La tension grandit autour de l'émission "Morandini Live" sur CNews. L'ancienne Première ministre, Élisabeth Borne, a rejoint les voix s'élevant pour boycotter le programme animé par Jean-Marc Morandini et diffusé sur la chaîne d'information de Vincent Bolloré.
Lors de son intervention sur BFMTV, sa colère était palpable face au maintien à l'antenne de Morandini, qui a été définitivement condamné à deux ans de prison avec sursis et 20 000 euros d'amende pour corruption de mineurs.
"C'est effectivement un problème qu'il continue à être en plateau", a-t-elle exprimé sur BFMTV.
"Ce serait une bonne idée que ce soit la règle"
Elle a ajouté : "S'il m'invitait, je n'irais pas", soulignant que cela devrait devenir une règle pour son parti, Renaissance, ainsi que pour d'autres formations politiques.
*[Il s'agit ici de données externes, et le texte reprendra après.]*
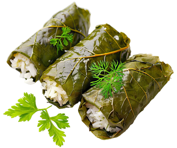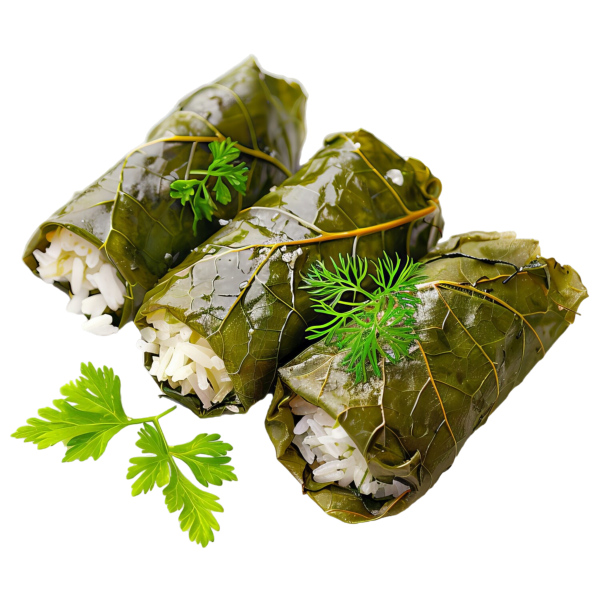 Viininlehtikääryleitä täytteenä riisiä, sipulia ja yrttejä tuore leipää (3 kpl).

Depuis le début de cette affaire, qui a éclaté en 2016, la quasi-totalité des représentants de gauche a évité le plateau de Morandini Live, une absence qui s'est accentuée après la décision de justice à son encontre. Cependant, la présence récente de certains élus LR et de membres du RN a suscité des critiques.
Pourtant, depuis lundi, Jordan Bardella a clairement demandé à ses membres de ne plus participer à l’émission, une information que Le Point a confirmée. Cette décision marque un tournant dans la position du RN vis-à-vis du journaliste contesté.
Du côté de CNews, Sonia Mabrouk, l'une des animatrices, a pris ses distances avec la direction, affirmant ne pas "cautionner cela", tandis que Pascal Praud a exprimé son soutien à sa collègue pour avoir été "juste" dans ses propos.
Pour l'heure, CNews a annoncé à l'AFP que Jean-Marc Morandini "continue son combat pour la justice et reste à l'antenne", envisagent un recours devant la Cour européenne des droits de l'homme, alors que cette controverse continue d'alimenter le débat public en France.